• [TASK BRIEF]
The exercise calls for exact output of the lines between the one that contains "5月16-18日,浙江省第十" and the end of the data, with both ends kept and pictures left out.

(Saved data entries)
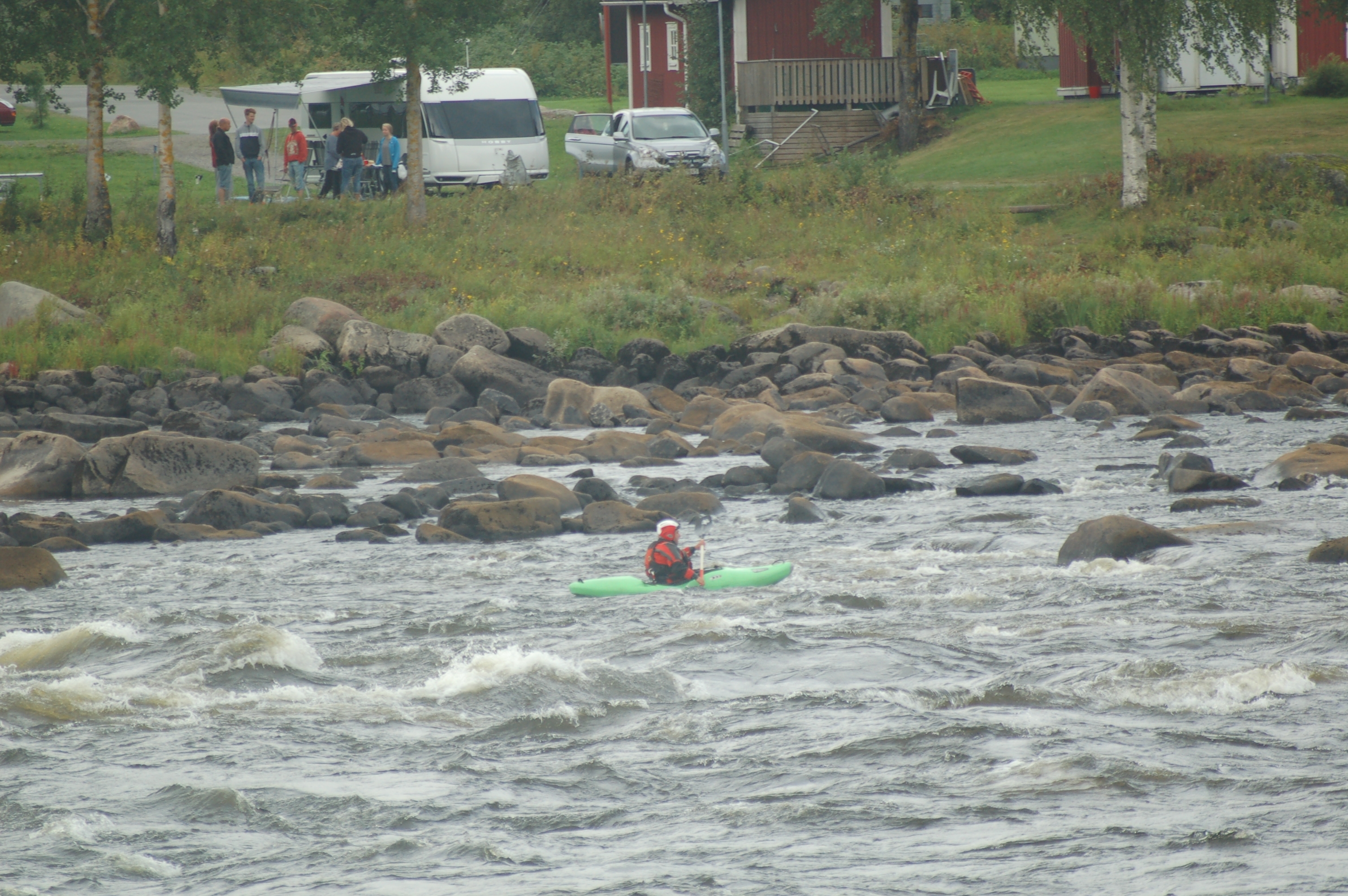 Mittwoch, 14.8.13, Klaus, Anna und Christian fahren Wildwasser- Kanu
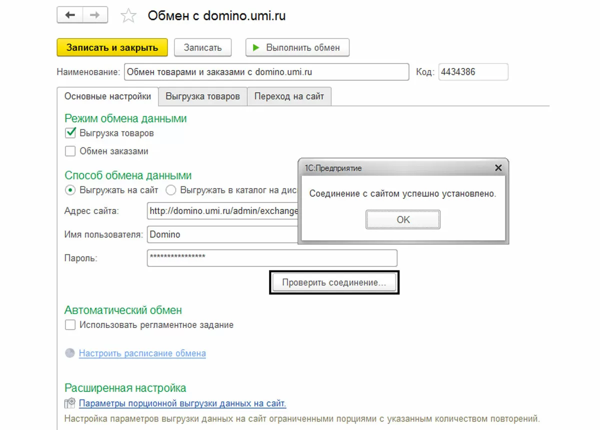 В настройке прописан адрес сайта и данные для доступа. Нажав кнопку «Проверить соединение...», проверяем связь с сайтом.
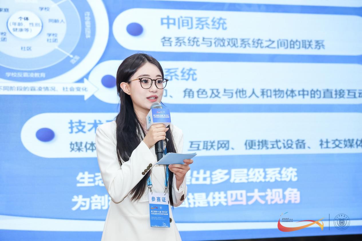 5月16-18日,浙江省第十九届“挑战杯”大学生课外学术科技作品竞赛在浙江中医药大学举行,我院应用心理学231班窦苑星领衔的项目《从心出发:校园霸凌施暴者心理特征调查、建模及风险识别》喜获金奖,创造了新葡萄8883在该项赛事的历史最好成绩!
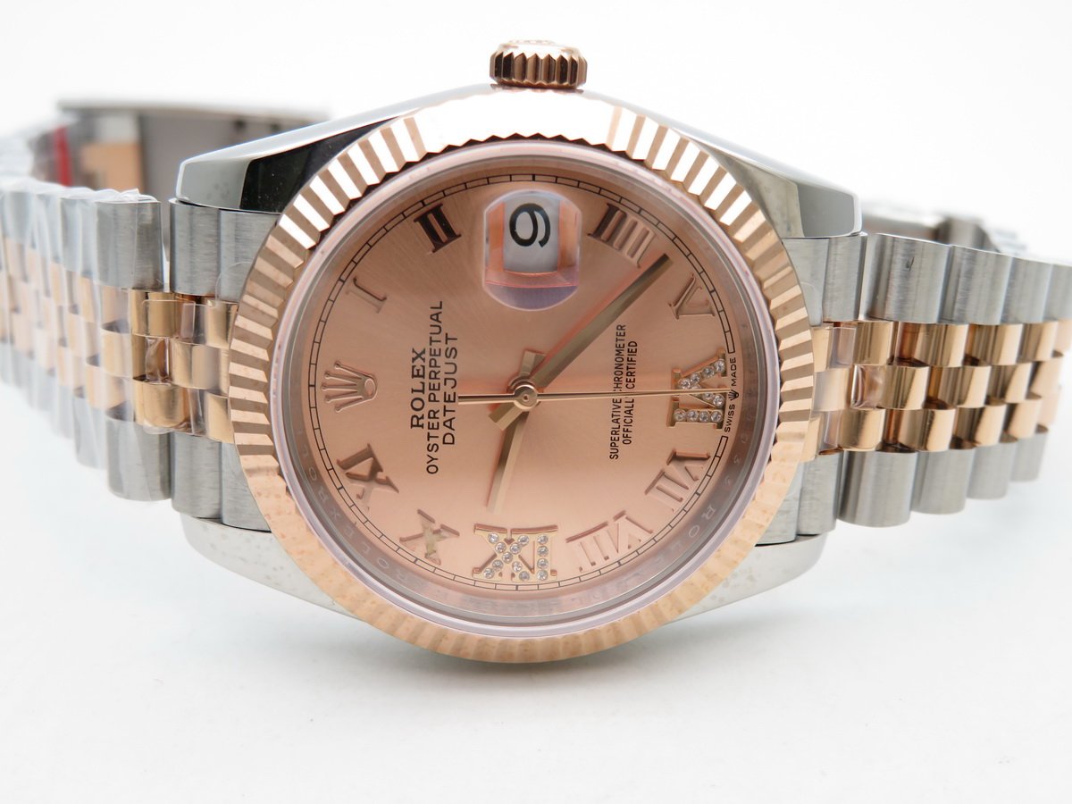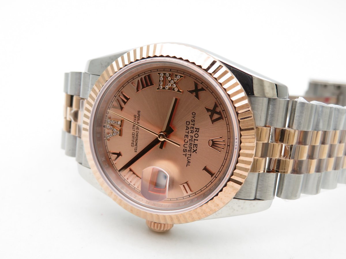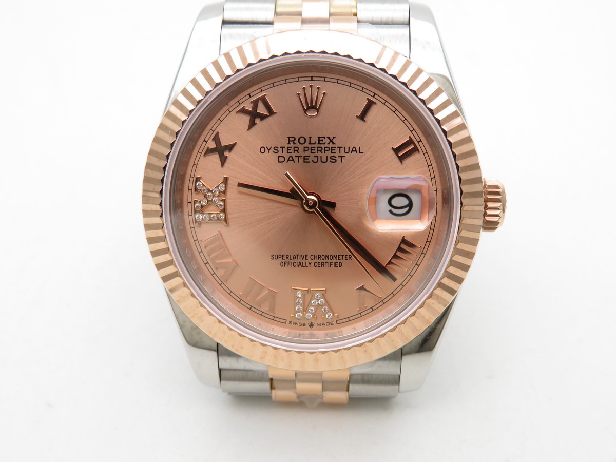 Позолоченный, переливающийся. Позолоченные, полированные римские часовые индексы и стрелки. Окно даты, расположенное в отметке на 15.00 часов под увеличительным окном 2,5. Гравировка маркировки Rolex и серийного номера Rolex на внутреннем ранте. |
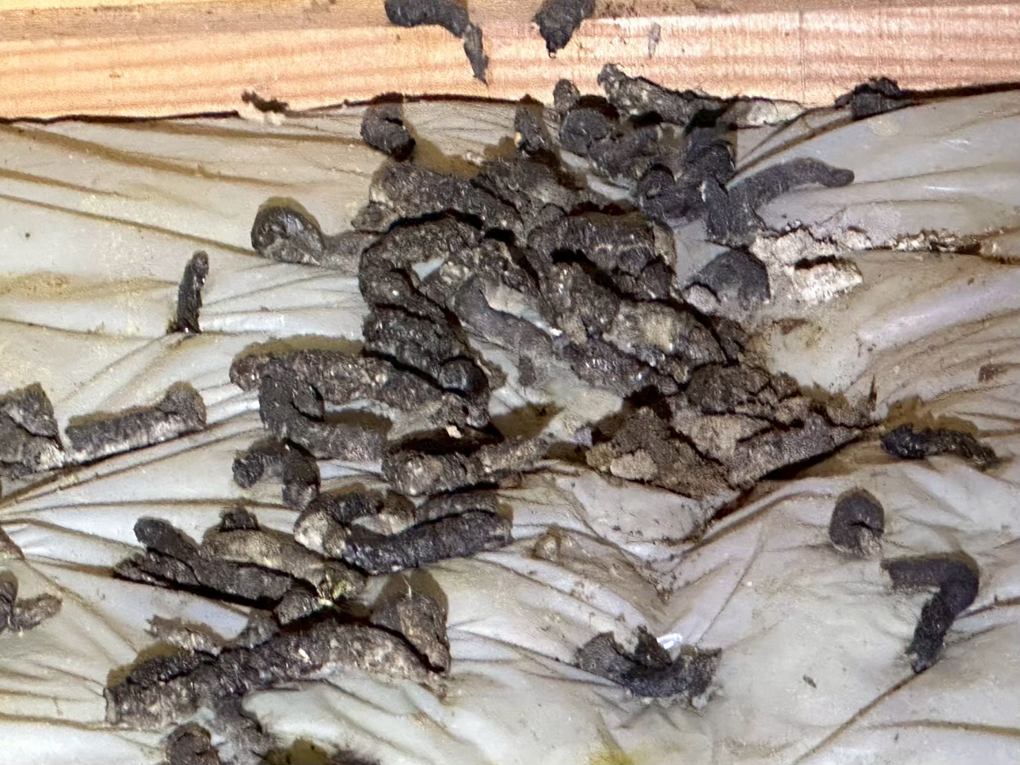 現地調査の結果、2階天井裏にアライグマの糞尿被害を確認。大屋根と屋根の重なり部分から侵入していることが特定されました。
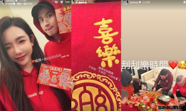 相較于前夫的傷感,許允樂的 2026 年春節顯得春風得意。她近日大方分享與新婚丈夫李玉璽的過年動態,兩人穿上喜氣洋洋的「情侶紅色帽T」,緊緊相依手持刮刮樂,幸福感爆棚!

• [TASK RESULT]
 5月16-18日,浙江省第十九届“挑战杯”大学生课外学术科技作品竞赛在浙江中医药大学举行,我院应用心理学231班窦苑星领衔的项目《从心出发:校园霸凌施暴者心理特征调查、建模及风险识别》喜获金奖,创造了新葡萄8883在该项赛事的历史最好成绩!
 Позолоченный, переливающийся. Позолоченные, полированные римские часовые индексы и стрелки. Окно даты, расположенное в отметке на 15.00 часов под увеличительным окном 2,5. Гравировка маркировки Rolex и серийного номера Rolex на внутреннем ранте. |
 現地調査の結果、2階天井裏にアライグマの糞尿被害を確認。大屋根と屋根の重なり部分から侵入していることが特定されました。
 相較于前夫的傷感,許允樂的 2026 年春節顯得春風得意。她近日大方分享與新婚丈夫李玉璽的過年動態,兩人穿上喜氣洋洋的「情侶紅色帽T」,緊緊相依手持刮刮樂,幸福感爆棚!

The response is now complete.